**Problem details**. Exactly as they appear, retype the lines from the one containing "2、专业健康问答,支持语音、" through the final line of the data below. Leave pictures out.

**Data excerpt**.
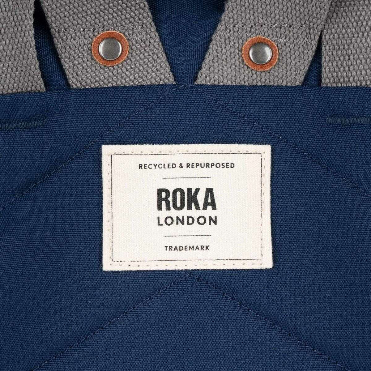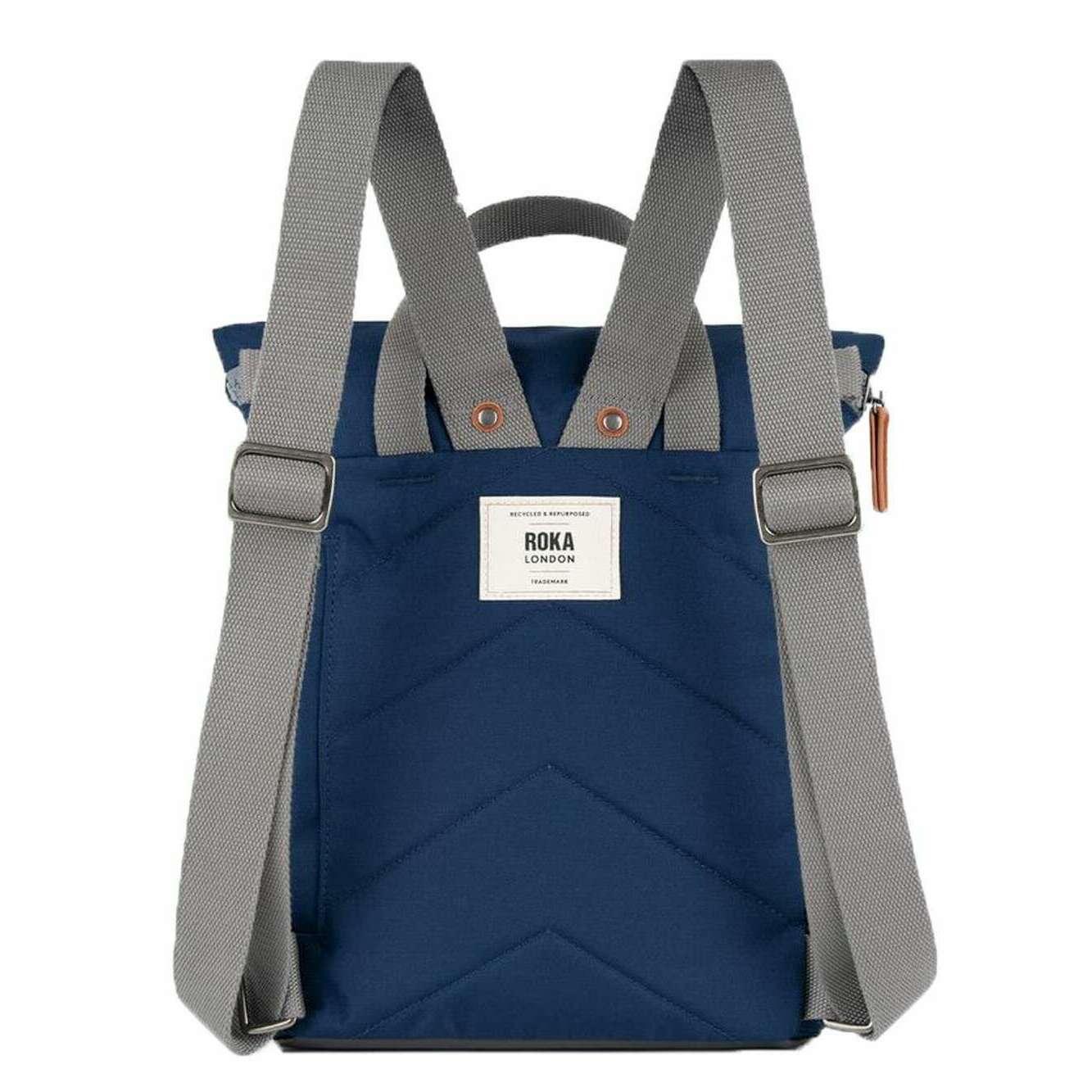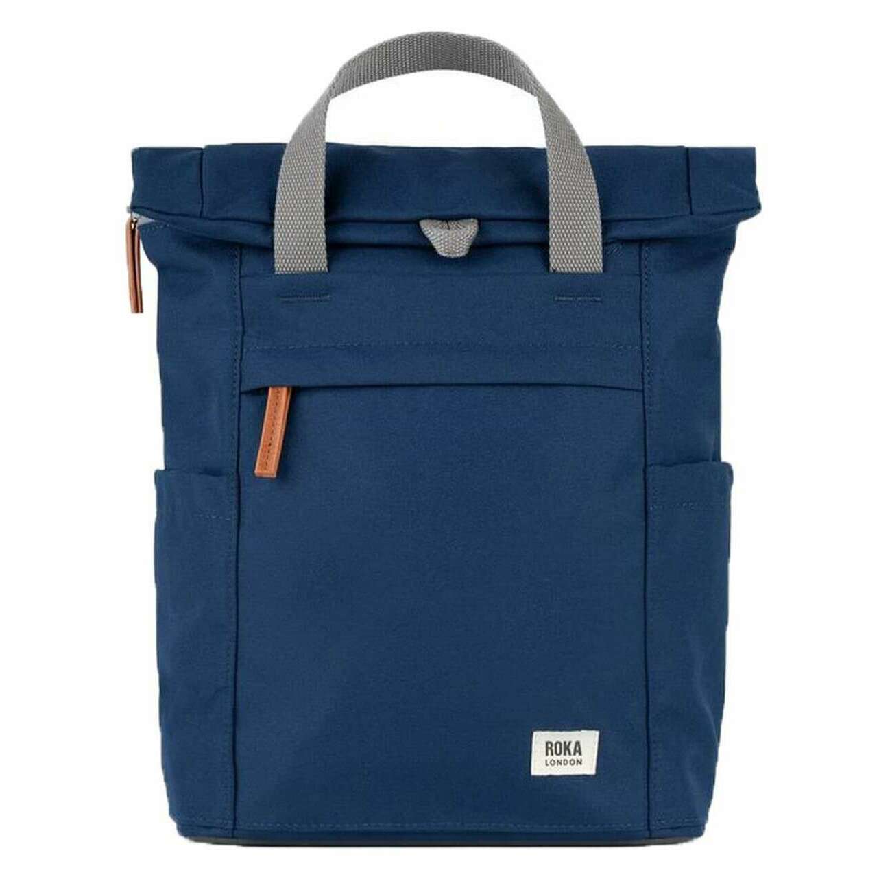 This unisex finchley a small recycled canvas backpack has been made from 100% recycled canvas (triple-coated), featured in a blue colour and is from the brand Roka. It measures 34cm(height) x 25cm(width) x 12cm(depth). All the bags come complete with roka packaging. The Roka Finchley A Small Recycled Canvas Backpack - Crisp Blue will keep your essentials organised throughout the day as it features a tablet sleeve, inside pockets and water bottle pockets. There truly is ample storage for all your necessities. The roll top design and large zipped front compartment will keep everything secure whilst on the move. The comfortable straps offer you extra comfort and stability, while the water-resistant durable design with fully padded back panel provides comfort on the go. Made from recycled material, this bag has matte look and feel which helps to evoke the canvas. This bag is completely vegan making it ideal for everyday use.
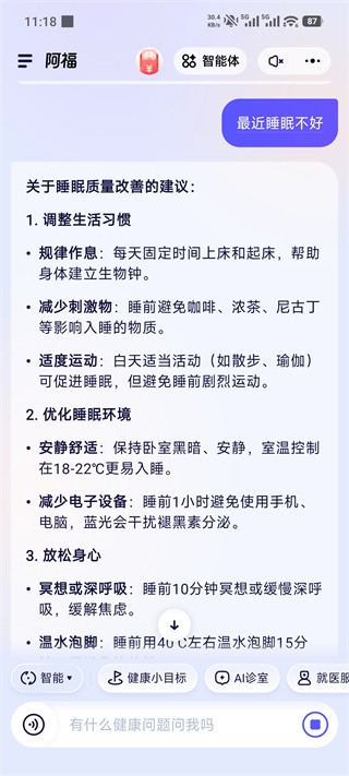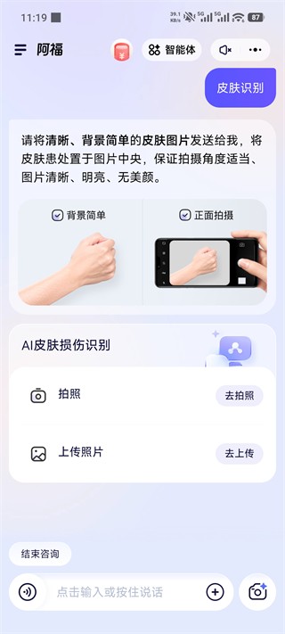 2、专业健康问答,支持语音、文字、图片提问,用户可拍照上传皮肤状况、检查报告、药盒等,获得科普解答。
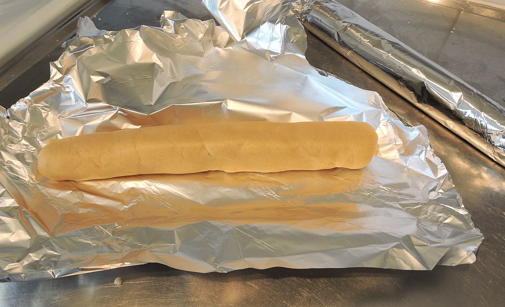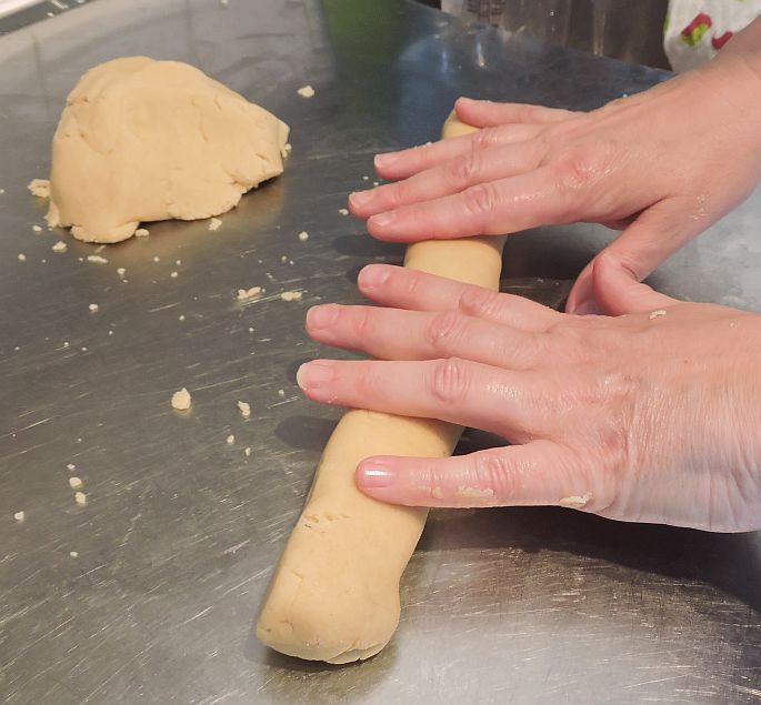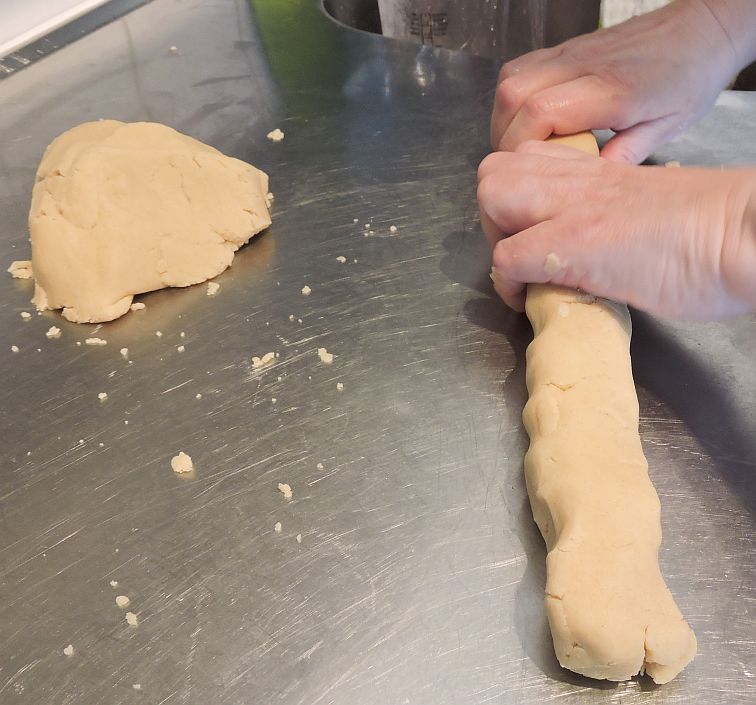 Nu bör degen hålla ihop tillräckligt för att du ska kunna dela den i två bitar. Forma sedan dem till två långa rullar, cirka 4 cm i diameter.

**Answer to the problem**.
 2、专业健康问答,支持语音、文字、图片提问,用户可拍照上传皮肤状况、检查报告、药盒等,获得科普解答。
 Nu bör degen hålla ihop tillräckligt för att du ska kunna dela den i två bitar. Forma sedan dem till två långa rullar, cirka 4 cm i diameter.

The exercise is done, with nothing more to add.